Chapter 2 Basic Queries
In this chapter, we will explore the basics of SQL queries and syntax in BigQuery. We will cover the SELECT statement, filtering data using the WHERE clause, sorting data using the ORDER BY clause, limiting the number of results using the LIMIT clause and aggregating data using the GROUP BY clause.
2.1 The SELECT statement
The SELECT statement is used to retrieve data from one or more tables in a database. It has the following basic syntax:
SELECT column1, column2, ...
FROM table_name;In this syntax, column1, column2, … are the columns you want to retrieve data from, and table_name is the name of the table where the data is stored. For example, the following query retrieves the status, name columns from a table named tst_storms:
SELECT status, name
FROM `dft-stats-gcp-showcase.TS_Training.tst_storms`;SELECT * allows you to select all columns from a table. For example, the following query retrieves the all columns from a table named tst_storms:
SELECT status, name
FROM `dft-stats-gcp-showcase.TS_Training.tst_storms`;BigQuery stores table data in columnar format, meaning it stores each column separately. Column-oriented databases are particularly efficient at scanning individual columns over an entire dataset. Therefore, it is generally discouraged to use * as you are charged per column of data you retrieve from BigQuery, so it is best to explicitly state which columns you wish to select. Column-oriented databases are optimized for analytic workloads that aggregate data over a very large number of records. Often, an analytic query only needs to read a few columns from a table. For example, if you want to compute the sum of a column over millions of rows, BigQuery can read that column data without reading every field of every row.

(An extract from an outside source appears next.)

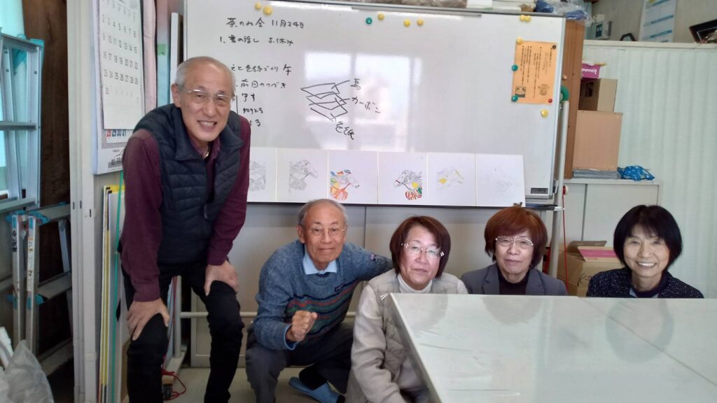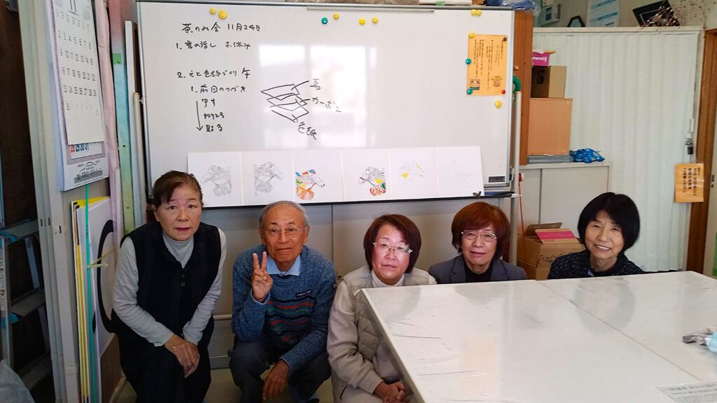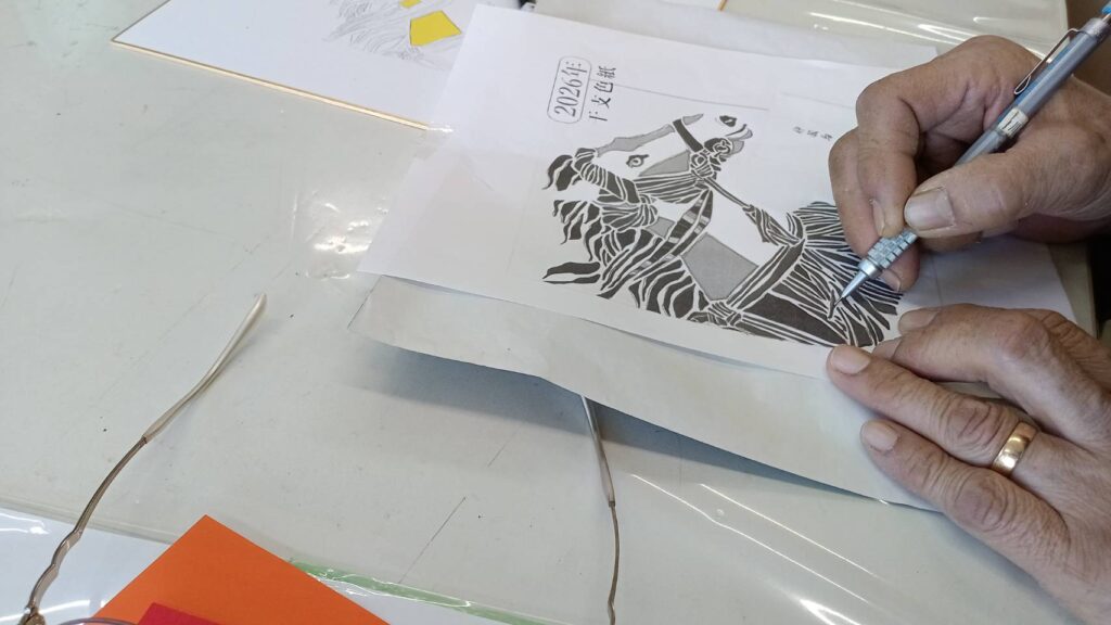 前回お休みの二人も揃い、色紙の上にカーボン紙を挟み、原紙を乗せ、午の貼り紙の準備です。

SELECT DISTINCT is a variation of the SELECT statement that returns unique values of the specified columns. This can be useful when you want to get a list of all unique values in a column, or when you want to eliminate duplicate rows from your query results.
SELECT DISTINCT status, name
FROM `dft-stats-gcp-showcase.TS_Training.tst_storms`;2.2 Filtering data using the WHERE clause
The WHERE clause is used to filter data based on specific conditions. It has the following basic syntax:
SELECT column1, column2, ...
FROM table_name
WHERE condition;In this syntax, condition is the condition that must be met for a row to be included in the results. For example, the following query retrieves all storms where wind was greater than 70:
SELECT wind, status, name, hour, month, year
FROM `dft-stats-gcp-showcase.TS_Training.tst_storms`
WHERE wind > 70;One specific case worth mentioning is retrieving null values. The following query retrieves all storms where hurricane force diameter is not null.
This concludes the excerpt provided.